Подавляю любопытство соседей взглядом, наверно, похожим на взгляд доктора. Крик малыша: «Папа пришел!» — ударяет в сердце, и напрасно я снимаю плащ медленно — нет у меня, как ни стараюсь сосредоточиться, гостинца — радости. Все, что я могу сказать, — жестоко, а приказывать могу лишь сам себе. Мои поступки — прыжки человека, пересекающего реку в ледоход. Я не могу сказать: следуйте за мной. Я не оставляю за собой ни мостов, но дороги. Там, где прошел, — черная вода, там, где я, — льдина способна треснуть в любой миг. И трагедия одна — сложившиеся отношения: каждый раз при встречах показывай, что ты — прежний, вчерашний, позавчерашний. Стоит ли жить ради того, чтобы оставаться неизменным, как название газеты в то время, как тебя прежнего уже давно нет, ты — другой. Соня назвала это предательством.
Она понимает и любит только то, что было. И у меня нет надежды объяснить то, что есть. Ей достаточно того, что хранится в кладовке воспоминаний. У меня, сегодняшнего, нет большего противника, чем она. Никуда не зову, принимаю чашку чая; «да», «нет», «у меня все по-старому»… Когда мы сидим вот так, друг перед другом, мой тайный идеал — превратиться в подобие шкафа или книжной полки, но тогда ей станет непонятным, почему этот шкаф или полка не стоит, как прежде, в комнате с желтыми занавесками, призванными показывать, что на улице всегда солнечный день.
Мне нужно было бы приходить с монологами, и, как прежде, она засыпала бы в сладкой уверенности, что все осталось, как было, она не покинута и не одинока. Во время сна я бы мог подойти к сыну. Он задал бы полушепотом свой вопрос, а я — свой. Наверно, мы оглядывались бы на маму — Соню, эту таинственную женщину, извилину в моей душе. И нас с сыном веселило бы сходство наших голов и рук.
Малыш на стекле письменного стола расставляет спичечные коробки и солдат, которые повторяют логику всех бывших и будущих сражений, но с одной поправкой: солдаты вновь становятся в строй, спичечные коробки будут вновь стенами крепостей. Он ищет формулу победы, в которой нет жертв. Он не знает, что это невозможно, но меня ведь это тоже не останавливает.
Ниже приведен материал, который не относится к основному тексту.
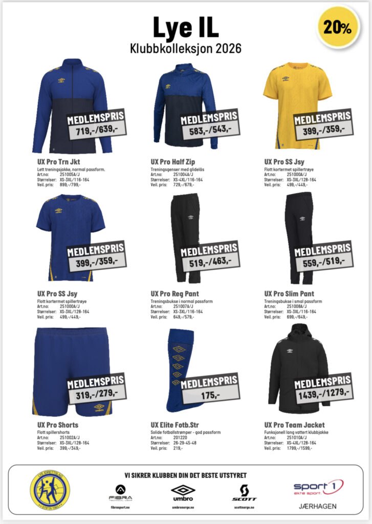 Gjennom vår avtale med Sport 1 Jærhagen, får Lye IL god rabatt på Umbro-produkter klubben treng, som klubbdrakter og div utstyr.

К моему приходу Соня подготовилась, она не позволяет прервать свою речь, в которой все до конца продумано.
— Я решила обойтись без тебя. Что бы ты ни говорил, ты — эгоист. Ты всегда занимал удобную для себя позицию. Ты пренебрегал мелочами, но все-таки сумку предоставлял тащить мне, и я тащила ее после дурацкой работы, по очередям. Мне некогда было любоваться тобой, но я никогда не сомневалась, что ты, в принципе, добр, по-своему исключителен… Но ты бросил нас, так может сделать только подонок. Я не могу видеть тебя без того, чтобы не повторять потом сотню и тысячу раз везде, где бы я ни была: меня бросили, бросили, бросили…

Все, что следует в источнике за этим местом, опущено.